* Given information *
○ ○ ○ ○
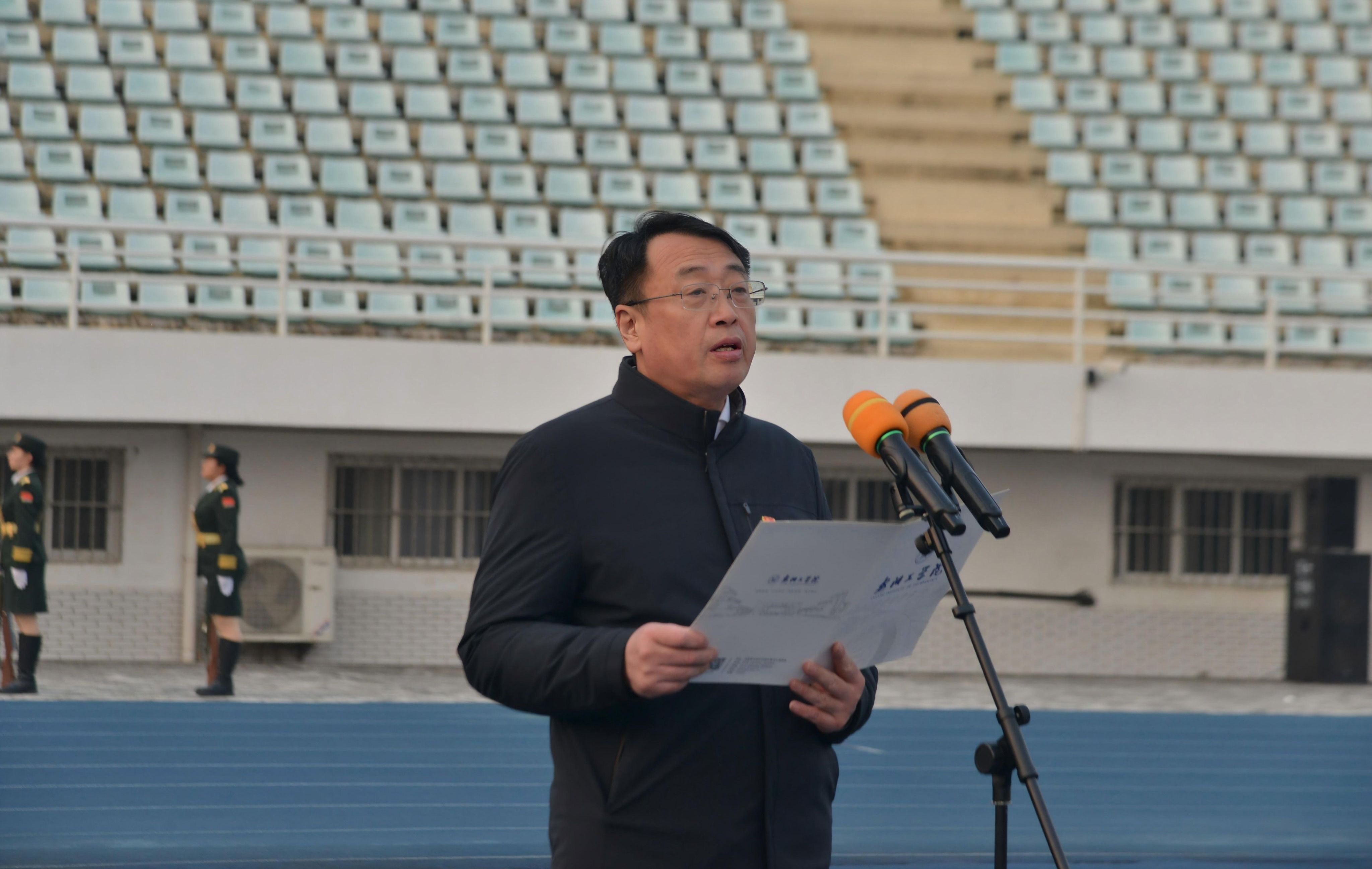 升旗仪式上,校长沈记全讲授开学第一课。他代表学校向全体师生致以新学期的问候与祝福,回顾学校过去一年在教学科研、人才培养、社会服务等方面取得的丰硕成果。学校新增国家级一流本科课程2门,国家级科研平台1个,获省自然科学奖二等奖1项、省科技进步奖二等奖1项,全国高校教师教学创新大赛一等奖1项,2个专业顺利完成工程教育认证专家入校考察,学生获全国大学生挑战杯、中国国际大学生创新大赛等省级及以上奖项1731项,考研录取率、毕业生去向落实率稳步提升,彰显了教育教学改革取得的成效。
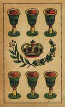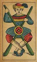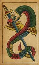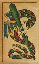 Above: 15 cards from later Portuguese type pack with 'dragon' aces, made in Belgium by Léonard Biermans, Turnhout, c.1878. There is a Brazilian Real Fabrica insignia on the wrapper. 48 cards, size: 81 x 59 mm; lithographed. The dog has disappeared from the Maid of clubs but the Maid of coins holds a small chest as in earlier types. Click here to see more. | ||||
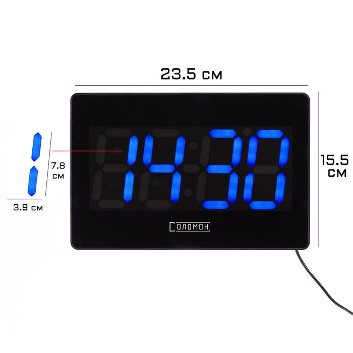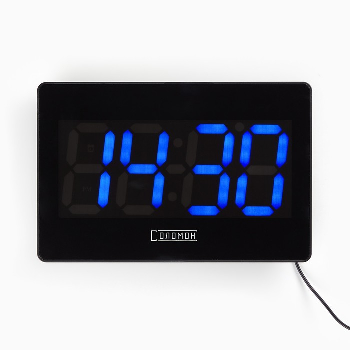 Часы электронные настенные, настольные "Соломон", с будильником, 15.5 х 23.5 см, синие цифры
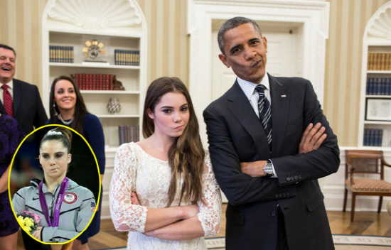 버락 오바마 미국 대통령이 16세 체조요정과 함께 이색 표정을 취한 사진이 눈길을 끌고 있다.
○ ○ ○ ○
Reproduce the material word for word. Any pictures should be left out of the copy.

 升旗仪式上,校长沈记全讲授开学第一课。他代表学校向全体师生致以新学期的问候与祝福,回顾学校过去一年在教学科研、人才培养、社会服务等方面取得的丰硕成果。学校新增国家级一流本科课程2门,国家级科研平台1个,获省自然科学奖二等奖1项、省科技进步奖二等奖1项,全国高校教师教学创新大赛一等奖1项,2个专业顺利完成工程教育认证专家入校考察,学生获全国大学生挑战杯、中国国际大学生创新大赛等省级及以上奖项1731项,考研录取率、毕业生去向落实率稳步提升,彰显了教育教学改革取得的成效。
 Above: 15 cards from later Portuguese type pack with 'dragon' aces, made in Belgium by Léonard Biermans, Turnhout, c.1878. There is a Brazilian Real Fabrica insignia on the wrapper. 48 cards, size: 81 x 59 mm; lithographed. The dog has disappeared from the Maid of clubs but the Maid of coins holds a small chest as in earlier types. Click here to see more. | ||||
 Часы электронные настенные, настольные "Соломон", с будильником, 15.5 х 23.5 см, синие цифры
 버락 오바마 미국 대통령이 16세 체조요정과 함께 이색 표정을 취한 사진이 눈길을 끌고 있다.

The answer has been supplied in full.